Saturday, 10 January 2009

#1. Infinite Jest

Hello. I thought it might be fun, or useful, or perhaps both, to start writing a blog.  Quite what I'll fill it with, I don't know, but I'll try and strangle any overtly pretentious turns of phrase at head-birth. 

I have sausages and mash (from Waitrose no less) to prepare so this isn't going to be an exhaustive first post, plus I'm hungover from a frantic, hyperactive drinking session with Gwynfor last night, ridiculous drinking, really. I took two days off booze and suddenly I had a license (and an unquenchable thirst) to knock back beers and whiskey sours and beers and whiskey. Our conversation slowed to a dribble. But I found myself quaffing with abandon.

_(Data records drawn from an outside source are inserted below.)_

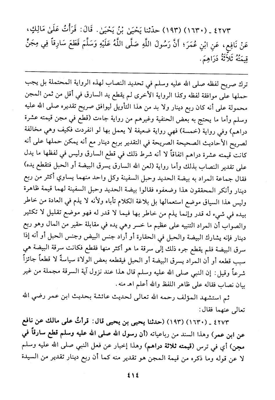 ٤٢٧٣ - (١٦٣٠) (١٩٣) (حَدَّثَنَا يحيى بن يحيى قال: قرأتُ على مالك عن نافع عن ابن عمر) وهذا السند من رباعياته (أن رسول الله صلى الله عليه وسلم قطع سارقًا في مجن) أي في ترس (قيمته ثلاثة دراهم) وهذا إخبار عن فعل النَّبِيّ صلى الله عليه وسلم لا عن قوله وما ذكره من قيمة المجن هو تقدير منه كما أن ربع دينار تقدير من السيدة
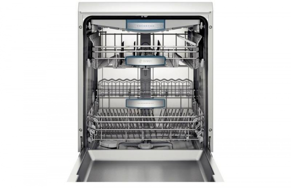 Данная модель является одной из лучших встраиваемых посудомоечных машин, оснащенная двойной защитой от протечек, к тому же она работает гораздо тише аналогов. Если вдруг возникает протечка, то автоматически блокируется подача воды. У направляющих предусмотрены подшипники, обеспечивающие плавное выдвижение корзин. Изнутри есть подсветка, имеется режим мытья детской посуды. Корзины при необходимости можно сложить, если есть необходимость вымыть что-либо габаритное.
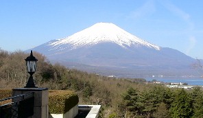 出てみると本館と私達の部屋がある建物の間から富士山と山中湖が一望出来た。ホテルの女性従業員
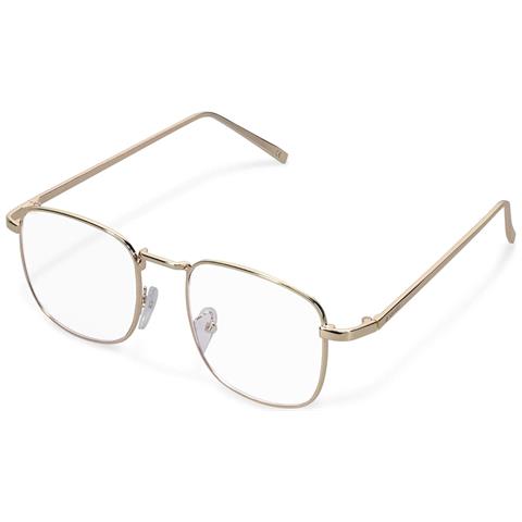 Navaris Occhiali Non Graduati Retro Donna Uomo - Occhiali Finti Da Vista Unisex Protezione Luce Blu Pc - Occhiale Antifatica Lenti Quadre - Design Oro
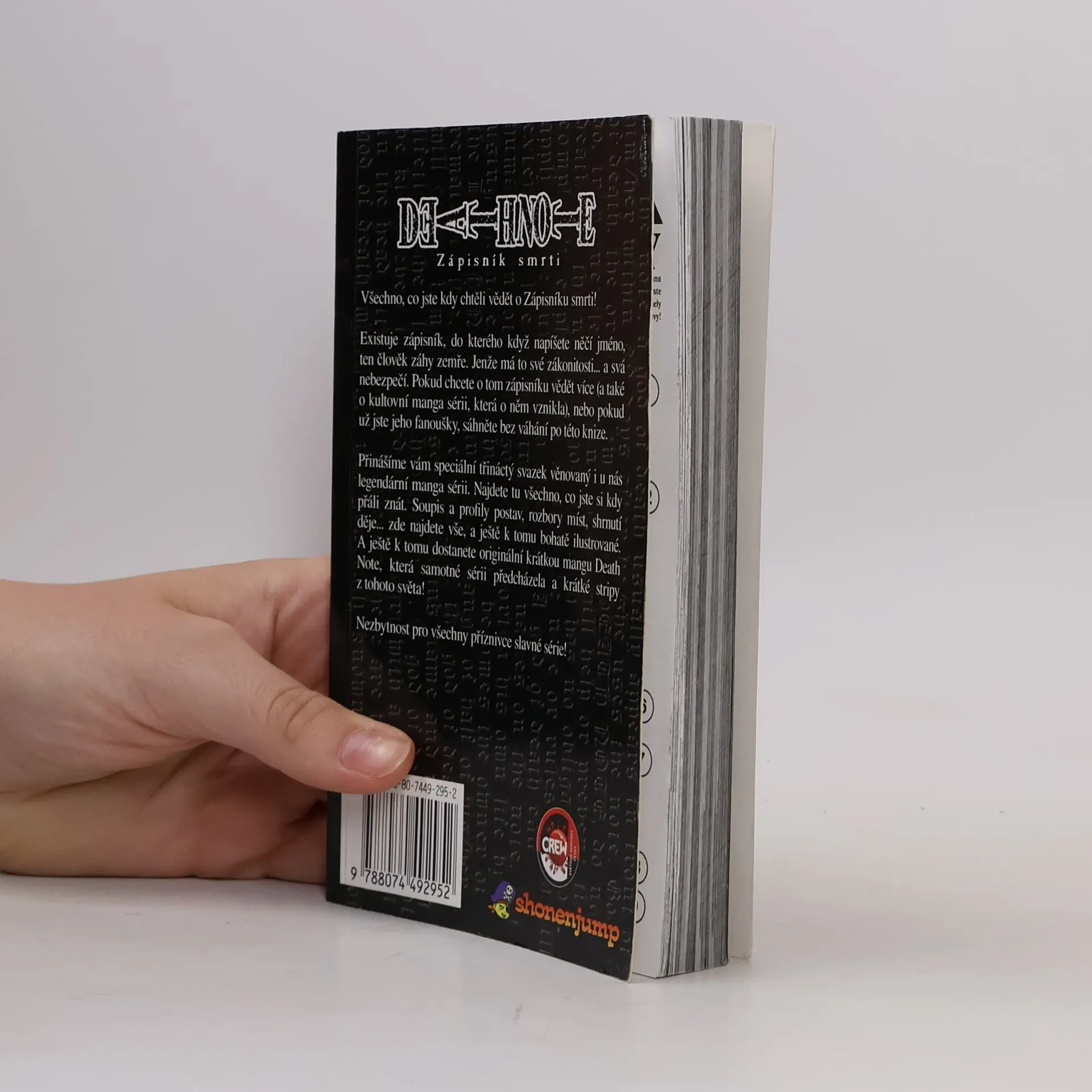 Všechno, co jste kdy chtěli vědět o Zápisníku smrti! Existuje zápisník, do kterého když napíšete něčí jméno, ten člověk do několika minut zemře. Jenže má to své zákonitosti... a svá nebezpečí. Pokud chcete o tom zápisníku vědět více (a také o kultovní manga sérii, která o něm vznikla), nebo pokud už jste jeho fanoušky, sáhněte bez váhání po této knize. Přinášíme vám speciální třináctý svazek věnovaný i u nás legendární manga sérii. Najdete tu všechno, co jste si kdy přáli znát. Soupis a profily postav, rozbory míst, shrnutí děje... zde najdete vše, a ještě k tomu bohatě ilustrované. A ještě k tomu dostanete originální krátkou mangu Death Note, která samotné sérii předcházela a krátké stripy z tohoto světa!

So, to open this dialogue with no-one, here's a list of titles that could have been at the top of this blog. I stole it from a lengthy footnote from David Foster Wallace's Infinite Jest, a gargantuan novel published in the mid '90's, which is ostensibly about addiction, but which in truth is probably about everything. It's awesome, in both senses, and I'm less than 200 pages in, with another 850 odd to go. 

In the novel, the hero (or the character who is currently looking like the hero, anyway) has a deceased father who made wildly pretentious, pondering films that achieved little or no acclaim in his lifetime. His work is listed in minute detail in a footnote at the back of the book. Infinite Jest was one of the titles of his movies, as was The Unfortunate Case of Me. Other titles I like and could have nicked for the blog name include:

Tennis, Everyone?

There Are No Losers Here

Fun With Teeth

Homo Duplex

Zero-Gravity Tea Ceremony

Pre-Nuptial Agreement of Heaven and Hell

Various Lachrymose US Corporate Middle-Management Figures

The Man Who Began To Suspect He Was Made of Glass*

The American Century As Seen Through A Brick

Good Looking Men In Small Rooms That Utilize Every Small Centimetre of Available Space With Mind Boggling Efficiency

Dial C For Concupiscence

If you've got the balls, you can buy Infinite Jest here: http://www.amazon.co.uk/Infinite-Jest-David-Foster-Wallace/dp/0349121087/ref=sr_1_1?ie=UTF8&s=books&qid=1231612408&sr=8-1



*this was my second choice. The URL was too long though.